The ambiarchic process of membership building, spiritual maturation, and personal development is expected to last for a good while before maturing. As such, ambiarchists grandfather in systems of authority, such as bad governments and capitalism, and maintain an understanding of governables and ungovernables themselves.
Governables include previous ruling classes and the socially apathetic, who lacks merit of participation. Unlike many anarchists, who extend solidarity to the worker qua worker, the ambiarchist extends solidarity to the worker, among all others, as revolutionary, and only if active as such. The apathetic worker is treated much the same as the hunter-gatherer who lost anarchy long ago, after failing to organize.
Plato suggested that those who refuse to participate in politics are fated to be governed by those who do. To my view, a true anarchy– or good government– occurs when everyone participates, leaving none to be governed by a ruling class. Current structures do not allow for this, and so must be replaced. The same must be said of current attitudes, which gives rise to the need for a meritocratic substructure, which promotes ascension to higher values, as they are required in civil society.
A fully-realized end-of-process ambiarchy would be the good government which is achievable only through a virtuous population. It is said that within such a population the structure of the government matters not, because a virtuous population restricts government of any form from abuse. But the ambiarchy is fundamentally non-hierarchical within the association, in that all official actions are sanctified by the whole, and not a ruling class, as the anarchists of old would have had it. Any apparent hierarchies within an ambiarchy are hierarchical only in form, not substance. It turns out that anarchy and good government require the same objective conditions for their destinies to take hold: virtuous people and a just structure. For sake of this paper, virtuous people are those who develop their interpersonal skills and who are reasonable, honorable, and maintain their integrity.
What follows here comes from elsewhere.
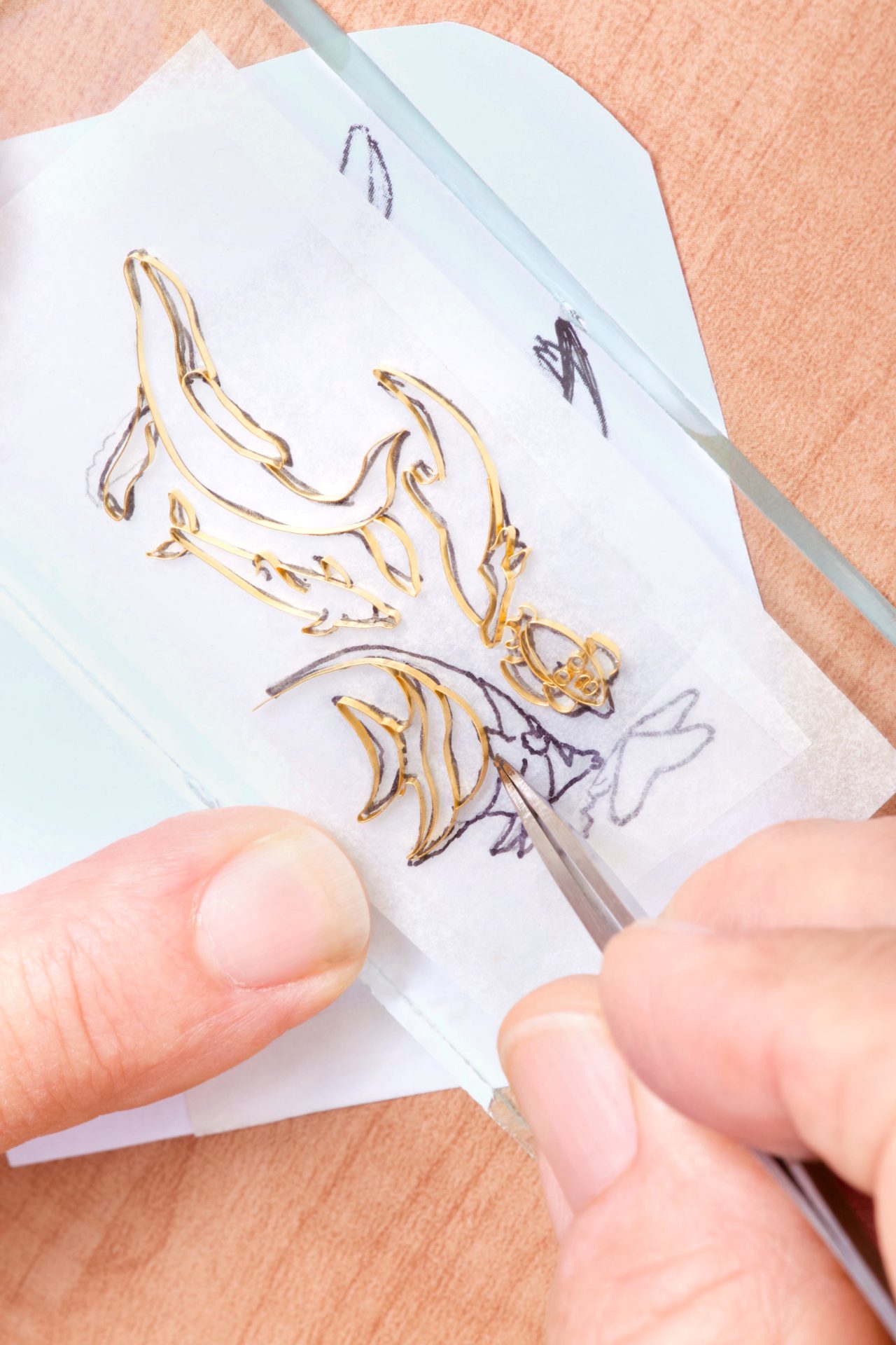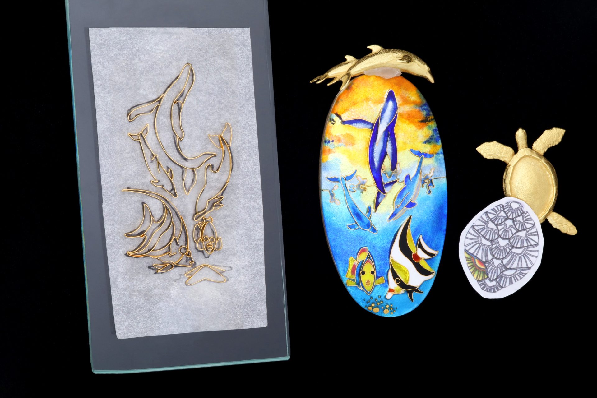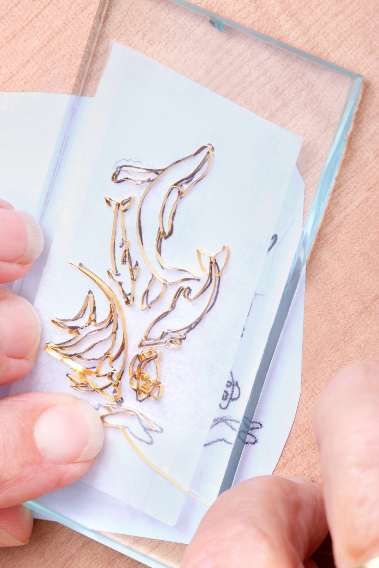 After the original artwork is decided upon, the metal ribbon-like strands of 24 karat gold wire are individually bent, twisted and oftentimes soldered together to produce a blueprint for where the colored enamels will later be painted. And this drawing is used to make the intricate design.

Ambiarchy does not distinguish between good governance and the confederation of social anarchy, but holds instead that social anarchism is the correct position for governors to seek for themselves, and encourages all to become co-governors. Those who have enlightened themselves have good cause to feel that their authority over the unenlightened is natural and necessary, and so to pursue good government for themselves (good, in good government, refers to the varying degrees of mutual autonomy and consensus, and their protection).
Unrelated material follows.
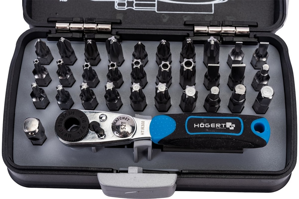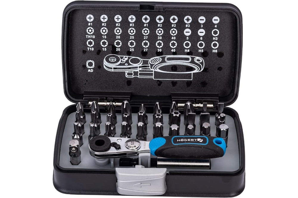 HOEGERT Набор бит с трещоткой 1/4", SL, PH, PZ, HEX, Torx, Torx c отверстием, 33 шт. купить в Самаре цена ✅ - Все для СТО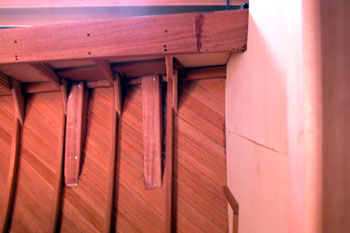 前後のバルクヘッドに根太を接着しておいて ベンチはプラスチック船と違ってきちんと座りやすいように 残り右側のベンチ兼バースを作ると |

To the ambiarchist, an anarchist (internally non-hierarchical) government which rules over non-anarchists by their own principles isn’t so bad. Is it a state or not? Those who want government or who are too willfully ignorant to become anarchists are governed, and those who don’t want to be governed, and who put in the effort not to be, aren’t. It’s more voluntary than anarcho-capitalism (consider the ambiarchy a landlord, rather than a government), and does to others what they would do to a stranger. It’s arguably the only rendition of anarchy or good government that would allow everyone to go about their own preferences, with the supreme dictate, enforced by good government, which states: “Anarchy is Law.” Anyone who tries to establish a bad government– one which is not truly an anarchy– will be stopped by the long arms of good government, the organized anarchists and their friends.